### Your goal
Leaving out all pictures, write down exactly the lines from the one containing "Напольное покр" through the last line of the material.

### Raw data

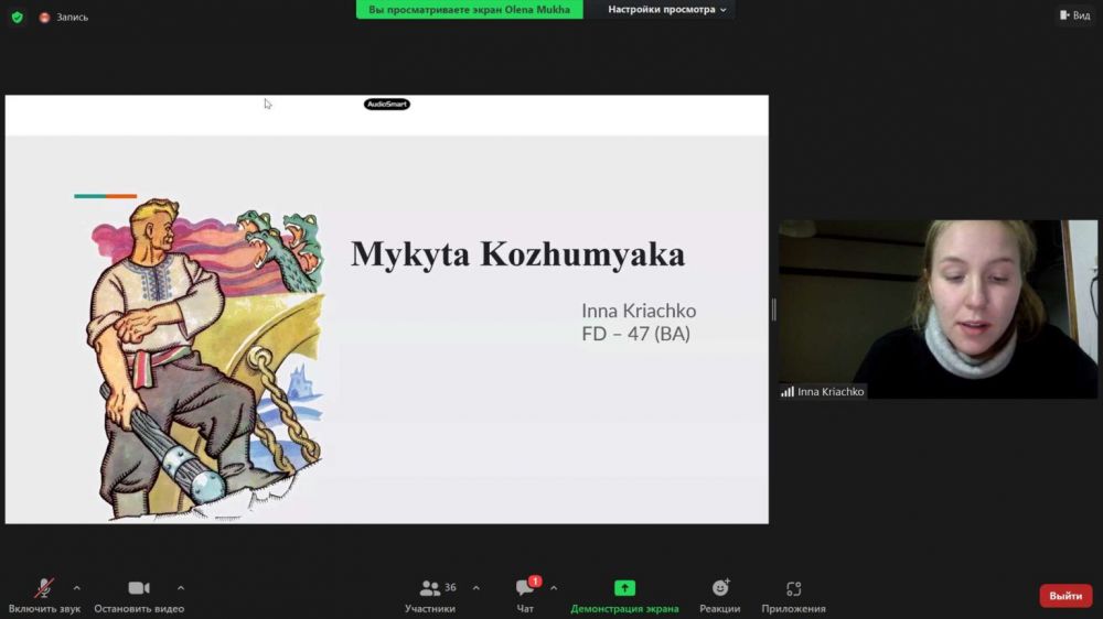 Ще одну доповідь на науковому семінарі представили здобувачі освіти ПНПУ імені В. Г. Короленка – студенти 4 курсу Інна Крячко (група ІН-48) і Влад Ганнущенко (група ГФ-48) та магістранти Олена Муха (група ГФ-56) і Олексій Мішуточкін (група ІНМ-5). Вони висвітлили героїчний і моральний зміст українських народних і літературних казок, акцентували ідею незламності українців перед важкими викликами, а також розкрили найкращі риси українського національного характеру.
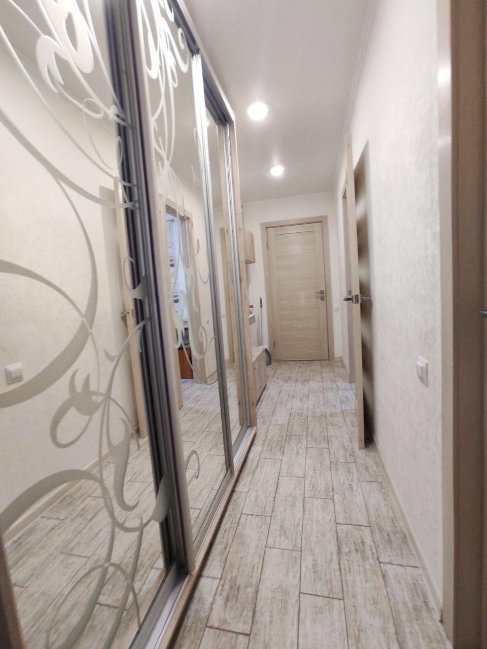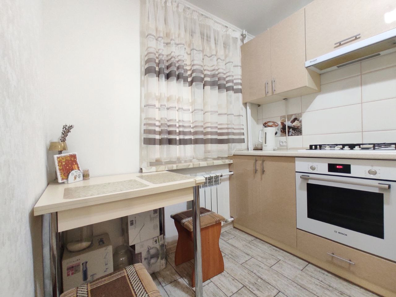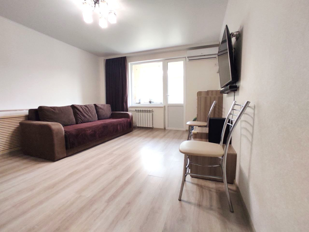 Напольное покрытие в комнате ламинат, на кухне в коридоре и санузле плитка, в санузле установлены теплые полы, все окна металлопластиковые, во всей квартире натяжные потолки.
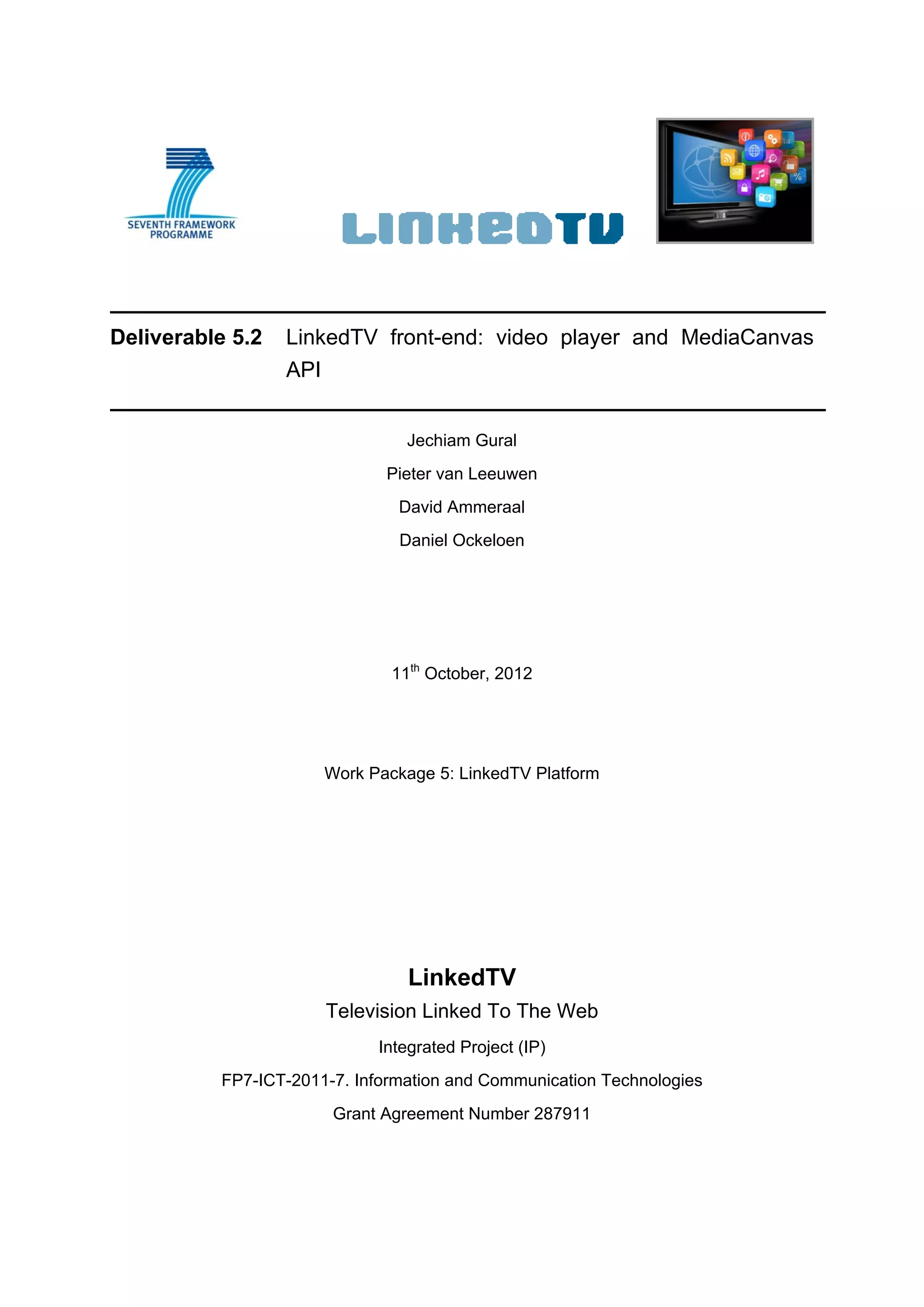 This document describes the design and current status of the LinkedTV Media Player and MediaCanvas API. The Media Player is developed by Noterik BV to support various media resources and user interactions. It is based on HTML5, supports playback on different devices, and complies with the W3C Media Fragments standard. The document outlines the prototype architecture, demonstrates user scenarios using mockups, and discusses the technical implementation and integration with the LinkedTV platform. Current status and plans for an HbbTV variant are also presented.

### Worked solution
 Напольное покрытие в комнате ламинат, на кухне в коридоре и санузле плитка, в санузле установлены теплые полы, все окна металлопластиковые, во всей квартире натяжные потолки.
 This document describes the design and current status of the LinkedTV Media Player and MediaCanvas API. The Media Player is developed by Noterik BV to support various media resources and user interactions. It is based on HTML5, supports playback on different devices, and complies with the W3C Media Fragments standard. The document outlines the prototype architecture, demonstrates user scenarios using mockups, and discusses the technical implementation and integration with the LinkedTV platform. Current status and plans for an HbbTV variant are also presented.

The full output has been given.